Despite launching in June 2009, Apple’s iPhone 3GS is on track to account for as much as 20% of total iPhone sales in the current quarter, as the Cupertino-based company looks to compete with the huge number of low-to-mid range Android handsets available in the smartphone market, Sterne Agee analyst Shaw Wu has revealed.
Apple announced it would slash the price of the iPhone 3GS to free at the recent iPhone 4S launch, meaning that consumers would simply have to take out a new contract to get their hands on what is now an entry-level iPhone device.
With AT&T selling out of iPhone 3GS stock when it made the price change, noting the “tremendous demand” at the time, Roger Entner, founder of market research firm Recon Analytics LLC believes that as “Apple can shovel them out by the millions,” consumers are going to choose the device because there isn’t a “free phone or even $50 phone is going to be more appealing to consumers than an iPhone 3GS”.
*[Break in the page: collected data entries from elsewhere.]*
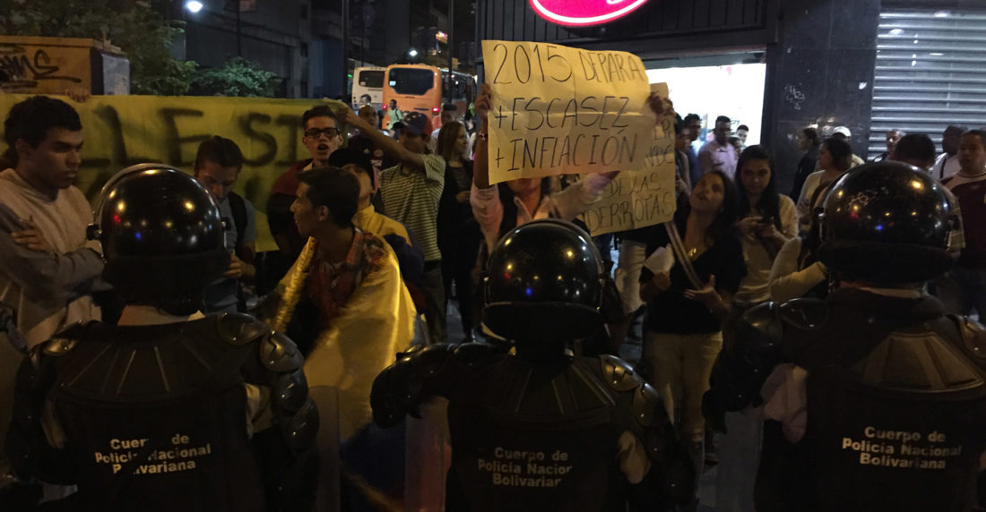 Los jóvenes, que gritaban consignas contra la inseguridad y la escasez, aprovechaban las luces rojas del semáforo para intentar desplegar sus pancartas con consignas, mientras que la policía no los dejaba salir de la acera. Minutos después un grupo -locales aseguran que no eran los manifestantes originales- procedió a trancar parte de la Avenida Arturo Uslar Pietri, lo que activó la acción de la policía, que dispersó con gases lacrimógenos.
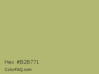 Hex #b2b771 Color is a normal yellow color and the nearest color is Gimblet #b8b56a. Hex code #b2b771 and RGB value is rgb(178,183,113). In RGB color space, this color is composed of 70% red, 72% green, 44% blue, In CMYK color space, this color is composed of 3% cyan, 0% magenta, 38% yellow , 28% black , In HSL color space, this color has a hue angle of 64° , 33% saturation and 58% lightness.
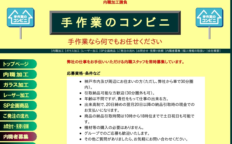 神戸市にあるギフト商品や記念品の企画製造販売などを行っている会社です。仕事内容は各種包装や袋詰め作業、各種箱組など手作業全般となっています。会社から車で30分圏内の神戸市内およびその周辺にお住まいの方を対象にしていますが、本人による引き取り納品が可能であれば30分圏外も応募が可能です。グループでの仕事も可能なので気の合った仲間と一緒に仕事をすることもできます。
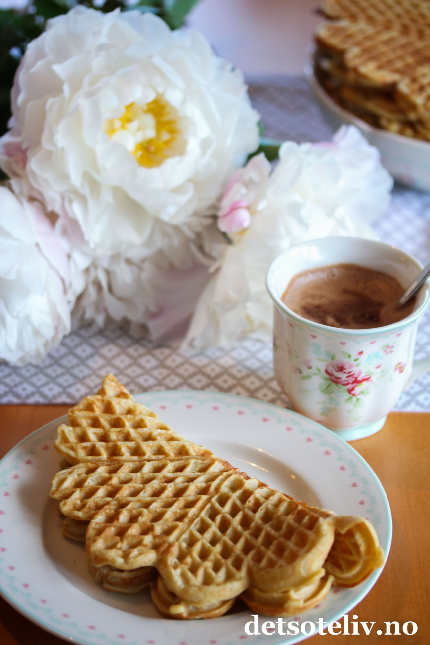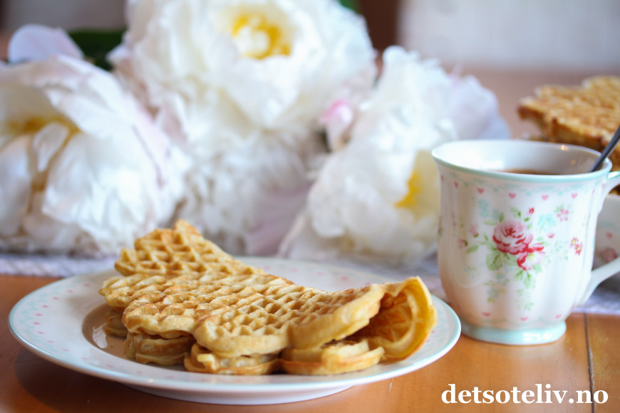 Server vaflene med sukker, rørte bær, syltetøy, rømme, brunost - eller det du måtte like best!
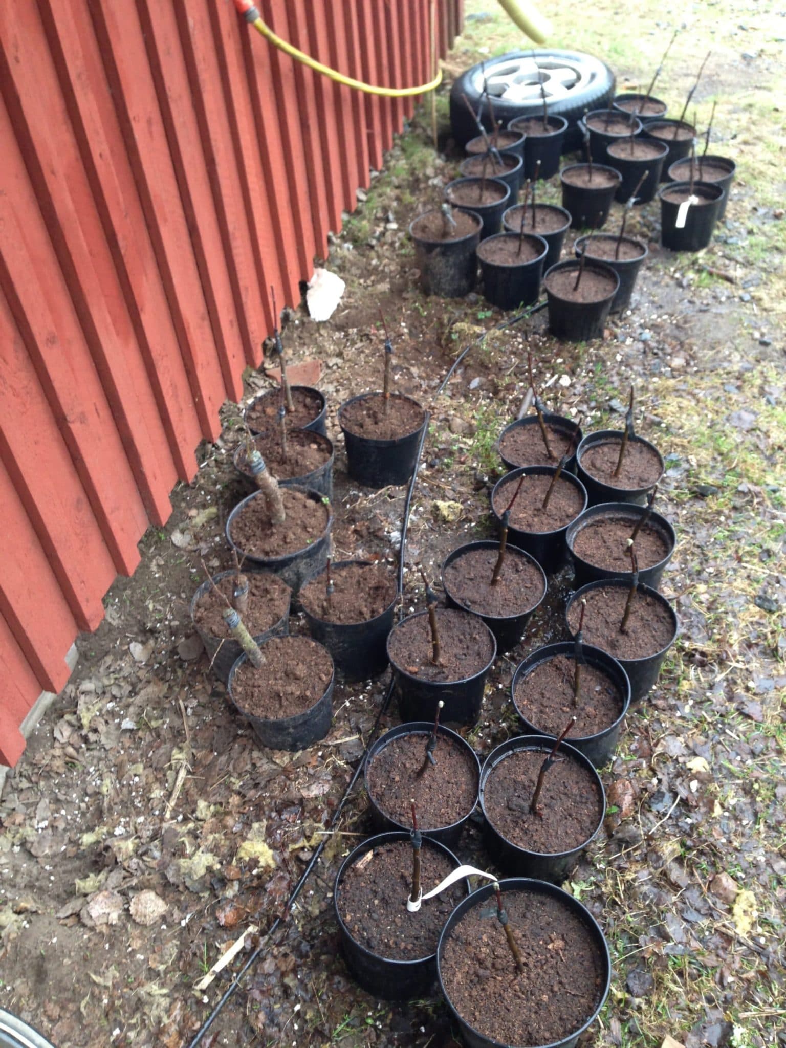 I år blev det 15 småväxta äppelträd(B9) och 15 storvuxna (A2) samt en handfull plommonträd på grova grundstammar. Reine Claud d´oullince och Victoria blev det. Nu får vi se hur många som tar sig. De är krukade och står välvattnade i skuggan på norrsidan av huset, minskad risk för uttorkning.
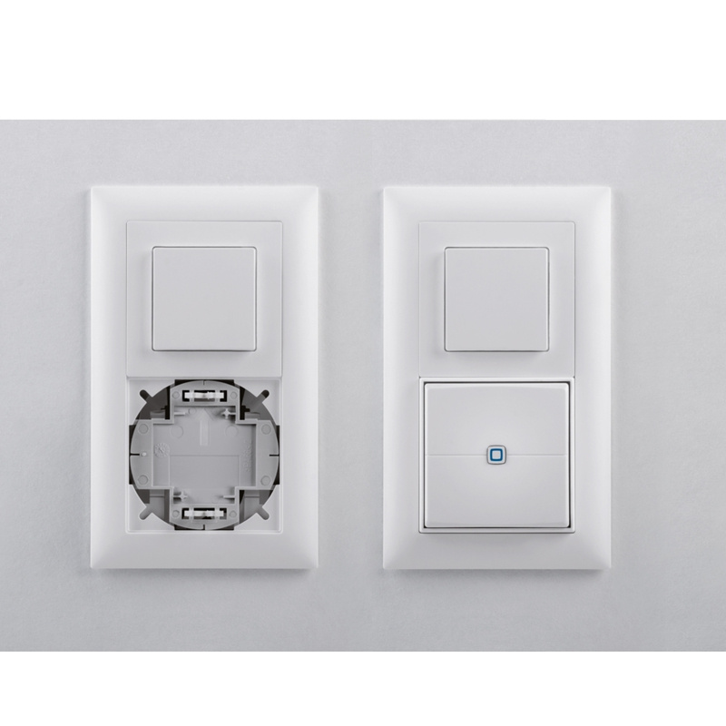 Jednoduchá integrace bateriových nástěnných dálkových ovladačů Homematic IP s rámečky o velikosti 55 mm modelové řady Ediziodue od výrobce Feller. Nevhodné pro akční členy třetích stran..Více
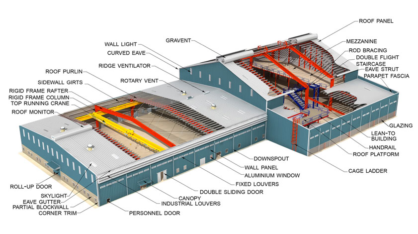 A steel building is a metal structure fabricated with steel for the internal support and for exterior cladding, as opposed to steel framed buildings which generally use other materials for floors, walls, and external envelope. Steel buildings are used for a variety of purposes including storage, work spaces, Transfer towers, Transmission Towers, Gantries and living accommodation. They are classified into specific types depending on how they are used.
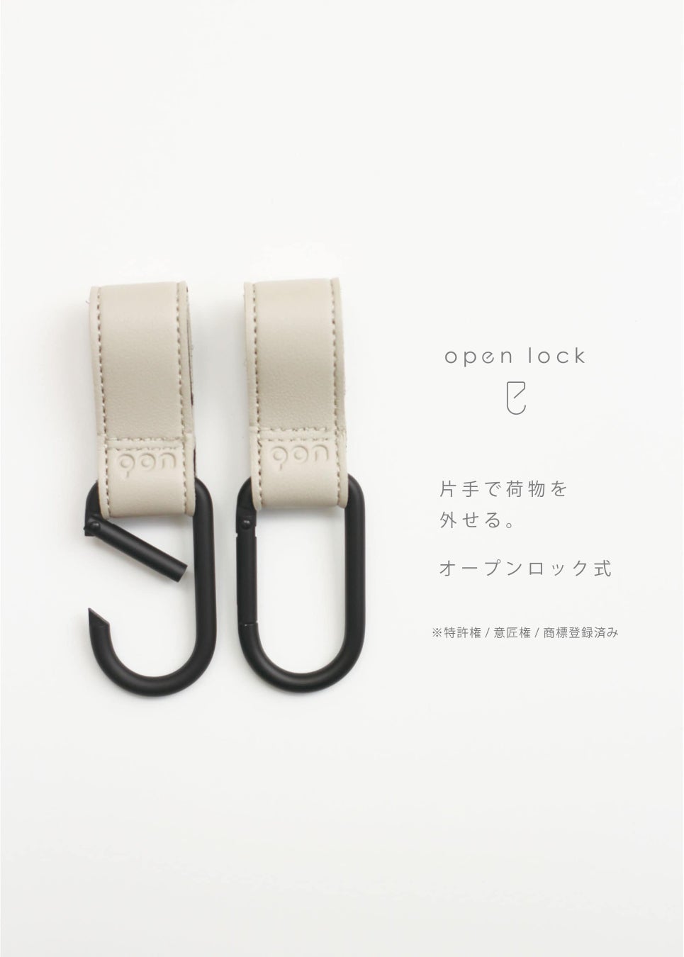 一見シンプルなカラビナだが、【オープンロック機能】でカラビナのゲートが開いたままロックされるため、片手での荷物の着脱がスムーズに。シンプルなだけではなく、盗難防止・片手で使えるなど実用性を兼ね備えたベビーカーフック。
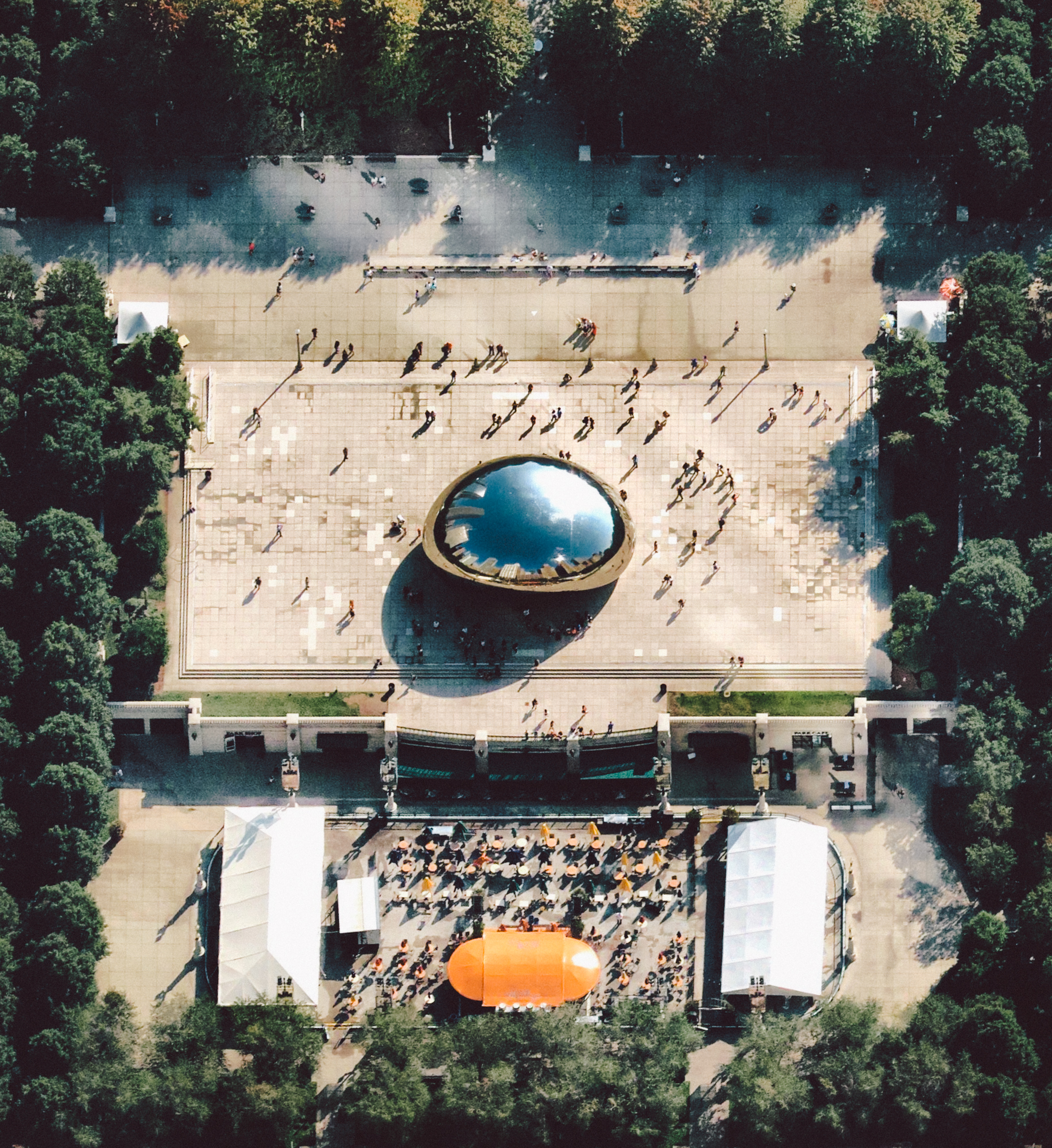 Cloud Gate -- nicknamed "The Bean" because of its shape -- is a public sculpture in the center of AT&T Plaza at Millennium Park in Chicago, Illinois. Created by Indian-born British sculptor Sir Anish Kapoor, it is made up of 168 stainless steel plates welded together and polished heavily to remove any seams. It is one of the most visited and photographed tourist attractions in Chicago, receiving upwards of 25 million visitors in 2017.

Apple’s iPhone 4S is expected to account for the vast majority of iPhone sales this quarter, purely because sales exceeded any other smartphone launch, with Apple seeing 4 million sales during its launch weekend alone. The company stands to profit from the subsidies that carriers offer their customers, also increasing its margins thanks to reduced component costs.
Wu notes that the “Apple of today is different from the Apple of even a few years ago. They’re aggressive on price. Not only do they have the best technology, but they have the lowest cost.”